A podiatrist will evaluate your specific gait mechanics and arch position to determine whether over-the-counter insoles are sufficient or whether custom orthotics would better support your foot structure. Custom orthotics are molded precisely to your foot and correct the overpronation that develops as relaxin loosens your ligaments, reducing strain on the plantar fascia and arch tissue with every step you take.

Because your foot shape often changes after delivery, your podiatrist will typically recommend a post-partum reassessment to update your orthotics once your ligament tone stabilizes.

Hands-on treatment for pain and swelling

Your podiatrist can also apply treatments that directly reduce inflammation and tissue stress, including ultrasound therapy, offloading taping techniques, and targeted stretching protocols designed for your specific condition.
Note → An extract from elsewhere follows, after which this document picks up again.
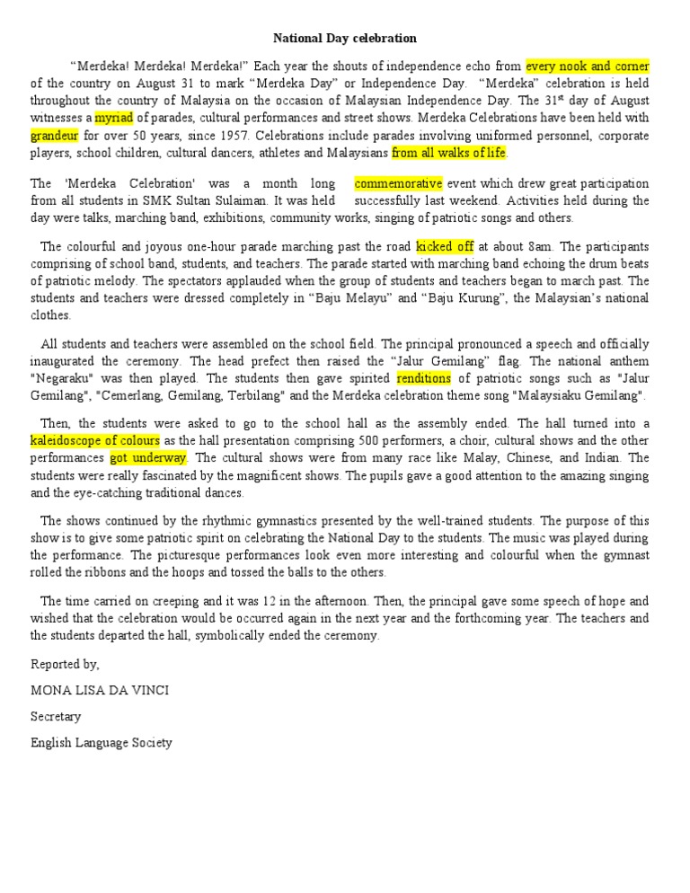 Example Essay National Day Celebration Malaysia

These approaches address the mechanical root of your pain rather than just the symptoms.

If your swelling or nerve symptoms are severe, your podiatrist can coordinate directly with your OB to confirm which interventions are safe at your current stage of pregnancy.

foot pain third trimester infographic

A simple plan for the next few days

Foot pain third trimester doesn’t have to dominate your final weeks. Start with the basics: switch to supportive shoes today and commit to elevating your feet for 20 minutes at least twice a day. Add the calf stretch and plantar fascia roll to your morning routine, and pay attention to how your pain responds over the next three to five days.

If those steps reduce your discomfort, keep going and stay consistent. If your pain stays the same or gets worse despite these changes, or if you notice any of the warning signs covered earlier, that’s your signal to get a professional evaluation. A podiatrist can identify exactly what’s driving your symptoms and build a treatment plan that works safely alongside your pregnancy care.

Your remaining weeks should feel manageable, not miserable. Book a same-day appointment at Achilles Foot and Ankle Center and get the targeted relief you need before your due date.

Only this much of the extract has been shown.